GPTQ-for-LLaMa
GPTQ-for-LLaMa copied to clipboard
cuda extension problem
I test to install in nvidia docker, the build ninja includes incorrent sm_id like -gencode arch=compute_52,code=sm_52
# Install kernels
python setup_cuda.py install
cuda_post_cflags = -D__CUDA_NO_HALF_OPERATORS__ -D__CUDA_NO_HALF_CONVERSIONS__ -D__CUDA_NO_BFLOAT16_CONVERSIONS__ -D__CUDA_NO_HALF2_OPERATORS__ --expt-relaxed-constexpr --compiler-options ''"'"'-fPIC'"'"'' -gencode arch=compute_86,code=sm_86 -gencode arch=compute_90,code=sm_90 -DTORCH_API_INCLUDE_EXTENSION_H '-DPYBIND11_COMPILER_TYPE="_gcc"' '-DPYBIND11_STDLIB="_libstdcpp"' '-DPYBIND11_BUILD_ABI="_cxxabi1013"' -DTORCH_EXTENSION_NAME=quant_cuda -D_GLIBCXX_USE_CXX11_ABI=1 -std=c++14
This should be ok.
The setup_cuda.py should be changed, the sm_89 shall be 4090, is not in the parameters.

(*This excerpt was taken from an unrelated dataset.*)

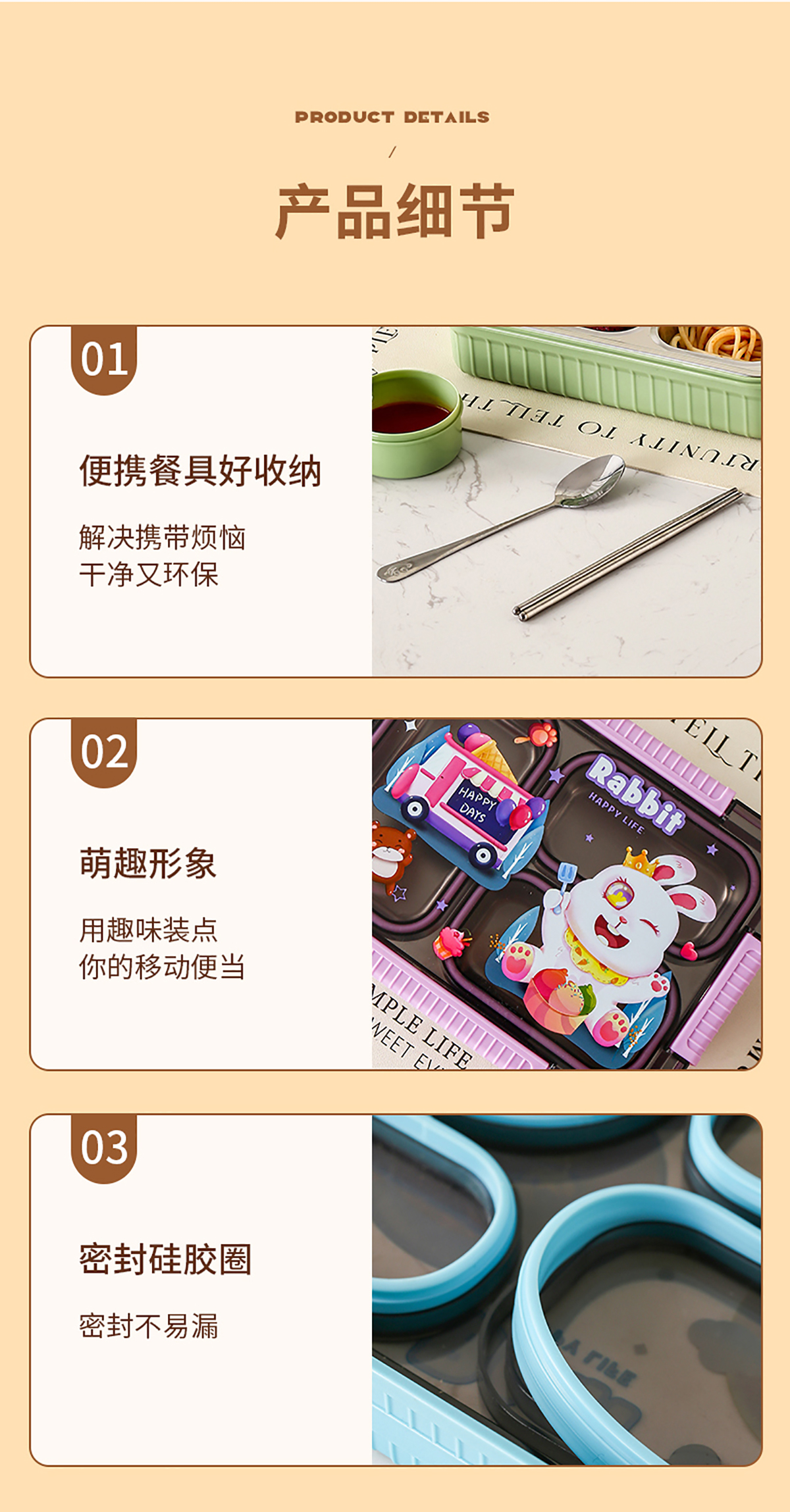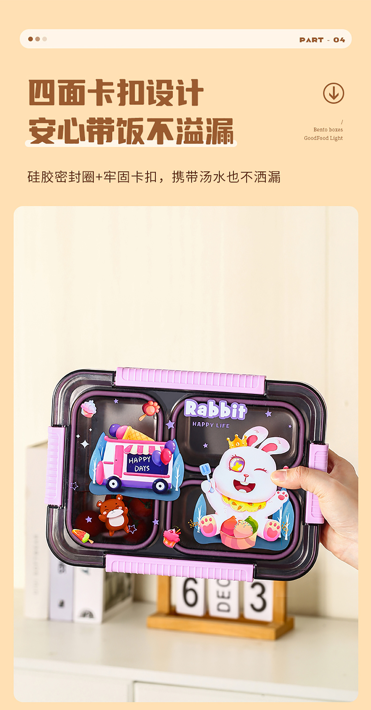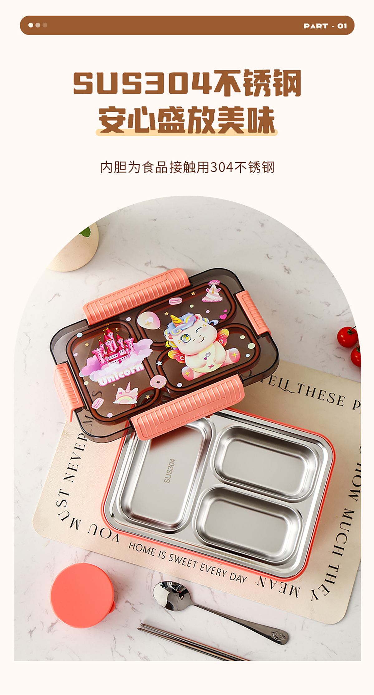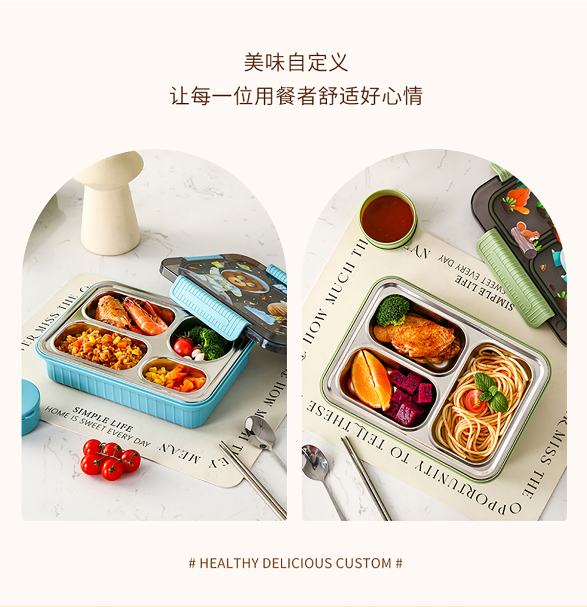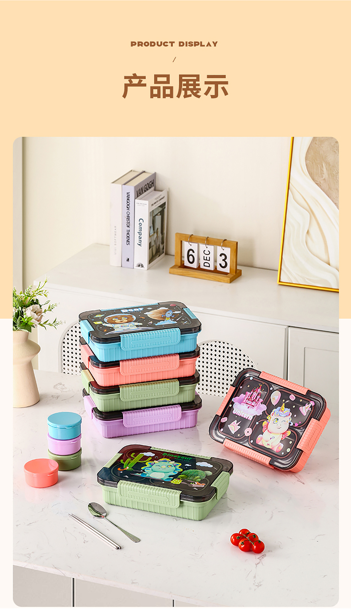 大號卡通密封不銹鋼餐盒(三格/四格+醬料盒)

from setuptools import setup, Extension
from torch.utils import cpp_extension
nvcc_args = [
'-gencode', 'arch=compute_80,code=sm_80',
'-gencode', 'arch=compute_86,code=sm_86',
'-gencode', 'arch=compute_90,code=sm_90'
]
setup(
name='quant_cuda',
ext_modules=[cpp_extension.CUDAExtension(
'quant_cuda', ['quant_cuda.cpp', 'quant_cuda_kernel.cu'], extra_compile_args={'nvcc': nvcc_args}
)],
cmdclass={'build_ext': cpp_extension.BuildExtension}
)
I'm not familiar with pytorch cuda extension. However, this code doesn't work.(RTX3090) Also, please explain the benefits of this change.
I tested on my rtx 3090 and 4090, in nvidia docker. IT is a must setup.
nvcc_args = [
'-gencode', 'arch=compute_80,code=sm_80',
'-gencode', 'arch=compute_86,code=sm_86',
]
I have to use this code to make it work normally. Does the CUDA version have any effect?
sm_90 is H100, 80-86 shall be 3090 - 4090. I have to specific version, or it will generate all sm, include parcel ones. This shall be notify in README, i think.
For your problem, i think it is related to driver version, older drivers do not have sm_90.
It seems to depend on the cuda version. sm90 is supported from cuda 12.0.
https://arnon.dk/matching-sm-architectures-arch-and-gencode-for-various-nvidia-cards/
We currently use Triton instead of CUDA.